I'm trying to scrape a table from a webpage, but the table is dynamically loaded via JavaScript and appears 5-7 seconds after page load when viewed manually.
However, when using a web scraper, the table does not load at all or times out. I’ve tried multiple approaches (Playwright, Selenium, BeautifulSoup, and Scrapy), but none seem to work.
What I’ve Tried:
Waiting longer for JavaScript to render the table
Increased timeout (wait_for_selector in Playwright, WebDriverWait in Selenium). Added sleep() before scraping. Ensuring the correct selector
The table exists inside:
<div class="col-sm-12">
<table id="data-table" class="table ...">...</table>
</div>
I verified div.col-sm-12 table#data-table
in Chrome DevTools, and it matches the actual table.
Trying different scraping tools
Playwright: wait_for_selector() times out even after 20+ seconds. Selenium: WebDriverWait still doesn't detect the table. BeautifulSoup: requests.get() only returns the initial page source without the table. Scrapy: Table is missing from the response.
Triggering JavaScript events
Tried scrolling down (execute_script("window.scrollTo(0, document.body.scrollHeight)")). Simulated clicks to see if the table needs interaction. Manually checked for AJAX requests in Network tab, but didn’t find any obvious API calls.
Issue:
The table is not present in the initial HTML response. JavaScript takes 5-7 seconds to load it, but scrapers don’t seem to detect it. Works fine if I manually copy-paste the table’s HTML and parse it with Pandas. My Code (Using Playwright as an Example)
(But I’m open to Selenium, Scrapy, or other suggestions!)
import asyncio
from playwright.async_api import async_playwright
import pandas as pd
BASE_URL = "https://www.chimwiini.com/p/chimwiini-dictionary.html"
async def scrape_page(page):
"""Scrape the page and return table data."""
try:
await page.goto(BASE_URL, wait_until="load")
await asyncio.sleep(10) # Giving extra time for JavaScript to load
# Try waiting for the table
await page.wait_for_selector("div.col-sm-12 table#data-table", timeout=20000)
# Extract table HTML
table_html = await page.inner_html("div.col-sm-12 table#data-table")

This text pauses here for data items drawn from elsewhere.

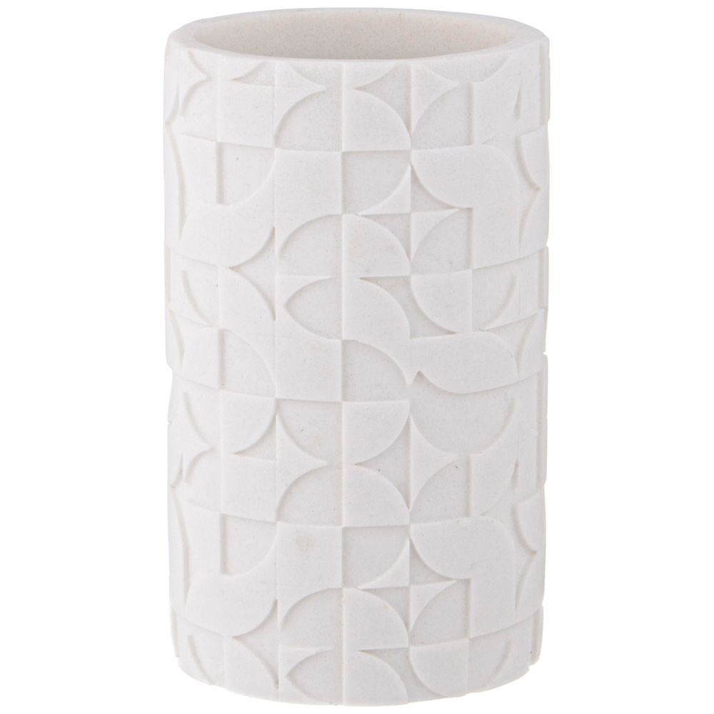 Набор аксессуаров для ванной комнаты состоит из дозатора для жидкого мыла и подставки-стакана.
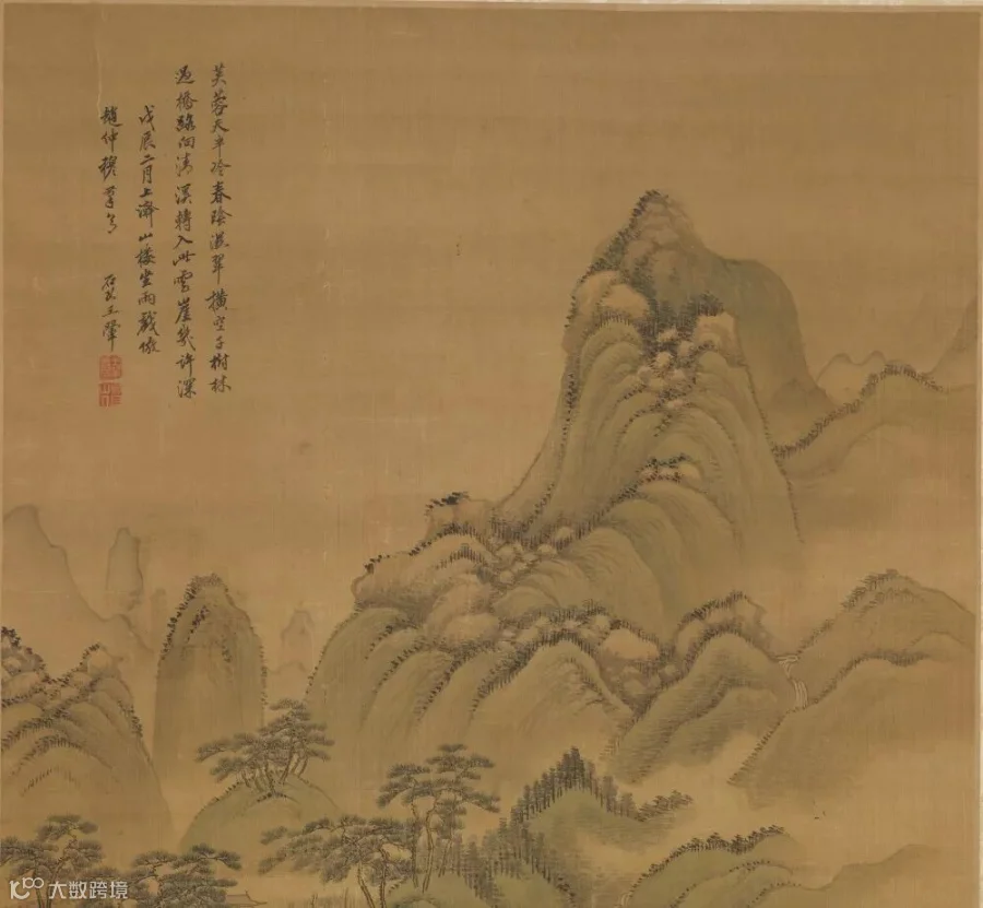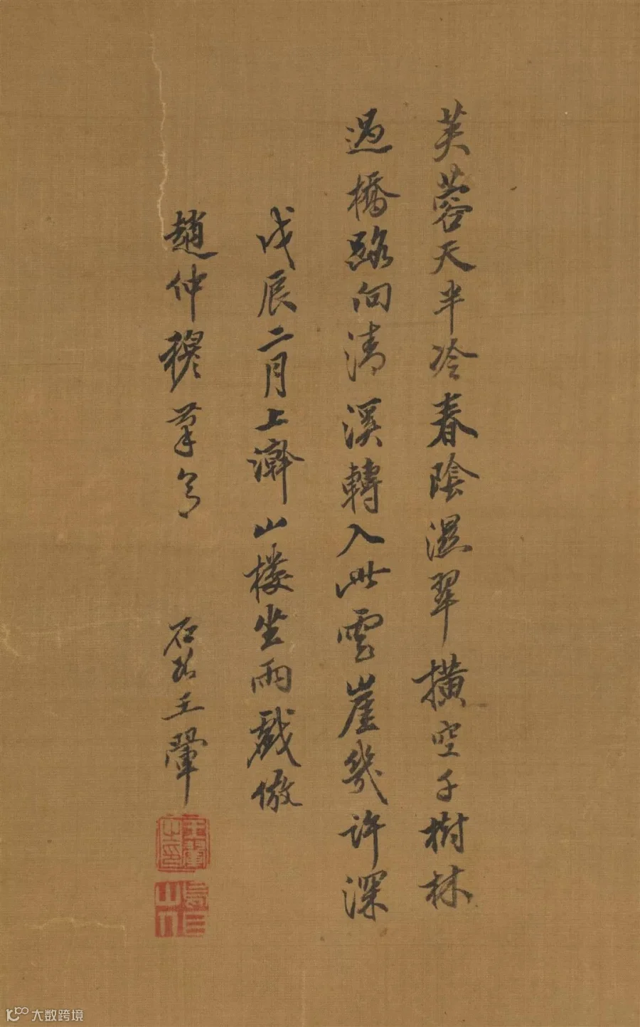 题识:戊辰二月上澣。山楼坐雨,戏仿赵仲穆笔意。石谷王翚。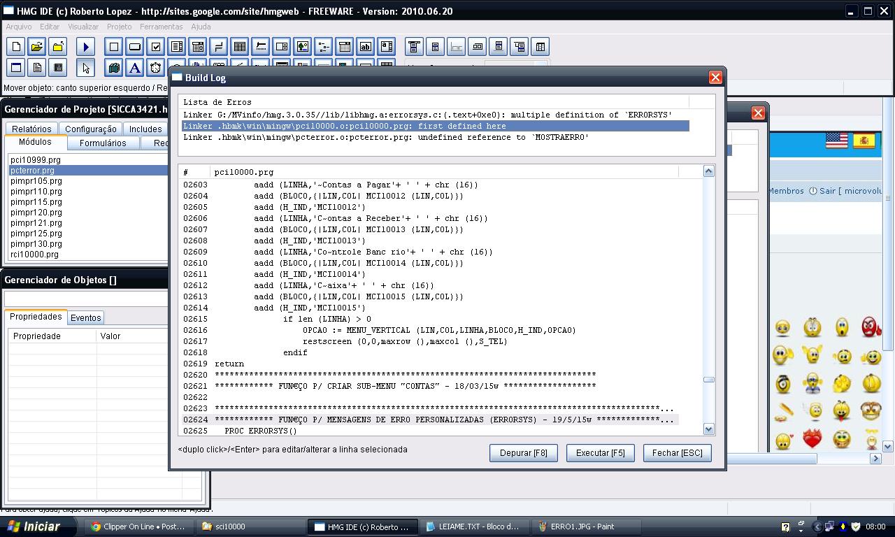 Amigo, na minha mensagem anterior eu não falei em retirar o arquivo PctError.prg do arquivo HBP, e sim retirar a lib libhmg.a da compilação, pois o ERRO1 está ocorrendo por causa do uso desta lib. E como disse, esta libhmg.a é uma lib para o modo gráfico da HMG, então pedi para você olhar se nos arquivos HBP ou HBC não tem uma chamada para esta lib, e se tiver, retirar a chamada desta libhmg.a.microvolution escreveu:se eu retirar do meu .HBP esse arquivo PCTerror.PRG a compilação com HMG 3.0.35 volta ao normal?
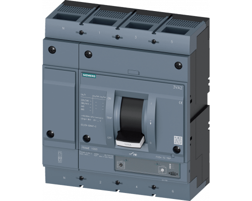 Автоматический выключатель имеет номинальный ток 800 А и максимальный ток короткого замыкания 55 кА при 415 В. Предохранитель класса M имеет систему защиты ETU340 и ELISA LI. Обеспечивается защита от перегрузки током 320 А…800 А. Предусмотрена защита от короткого замыкания II=12 x In. Регулируемая защита N-проводника (отключена, 50%, 100%). Подключение осуществляется клеммами типа Lug.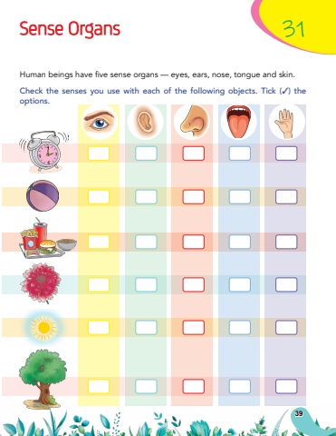 39Sense OrgansHuman beings have five sense organs %u2014 eyes, ears, nose, tongue and skin.Check the senses you use with each of the following objects. Tick (3) the options.31
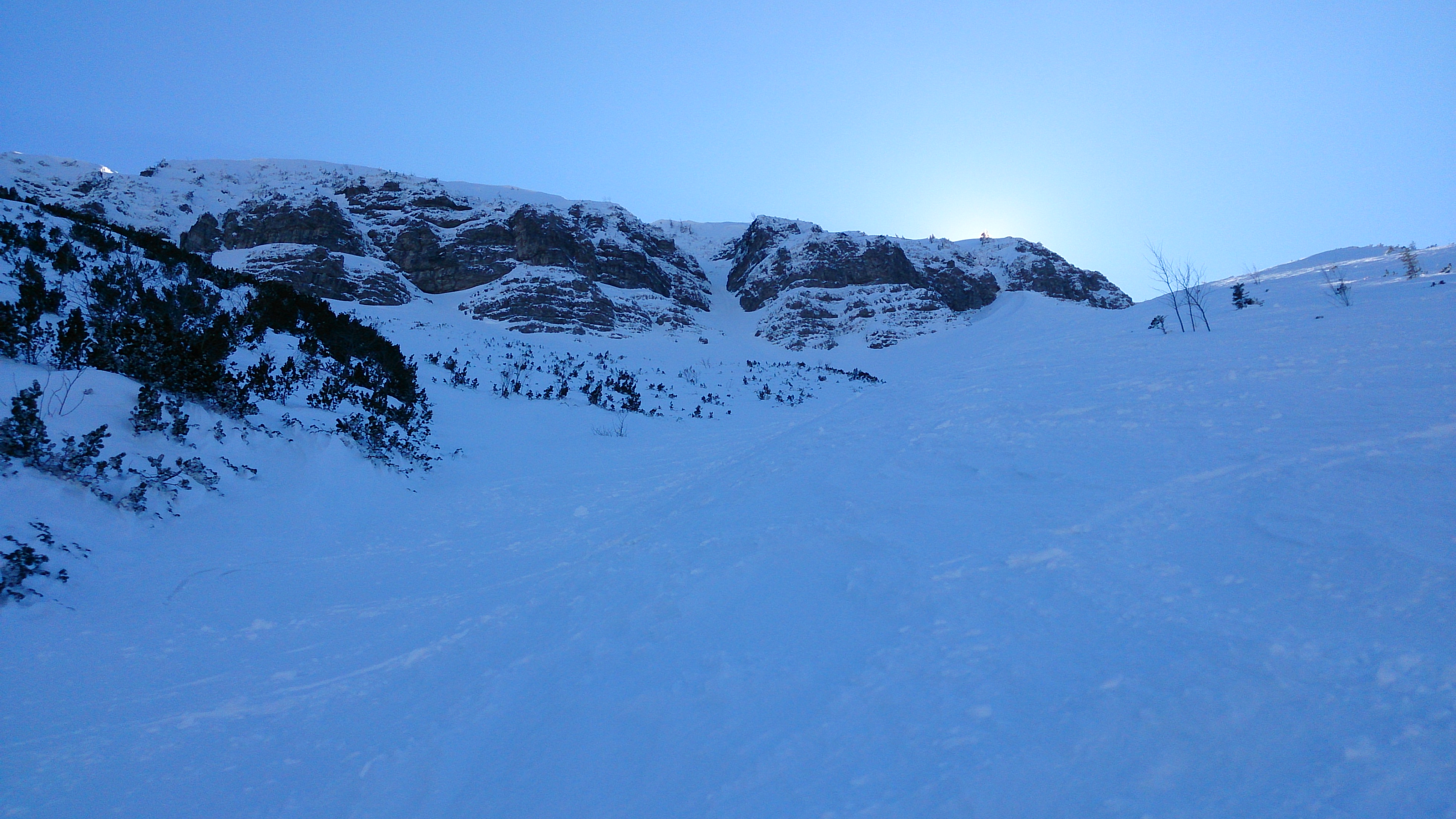 Nach dem Zustieg folgen an sich schöne Skihänge, leider die Grundlage etwas inhomogen:

tables = pd.read_html(f"<table>{table_html}</table>") # Parse with pandas
return tables[0] if tables else None
except Exception as e:
print(f"Error: {e}")
return None
async def main():
async with async_playwright() as p:
browser = await p.chromium.launch(headless=True)
page = await browser.new_page()
data = await scrape_page(page)
await browser.close()
if data is not None:
print(data.head()) # Print sample data
else:
print("No data scraped.")
asyncio.run(main())
Here is the error:
runfile('C:/Users/Gaming/anaconda3/Lib/site-packages/spyder_kernels/untitled0.py', wdir='C:/Users/Gaming/anaconda3/Lib/site-packages/spyder_kernels')
Scraping page 1...
Error scraping page 1: Page.wait_for_selector: Timeout 20000ms exceeded.
Call log:
- waiting for locator("div.col-sm-12 table#data-table") to be visible
My Questions:
I’m open to Playwright, Selenium, Scrapy, or any other approach that works.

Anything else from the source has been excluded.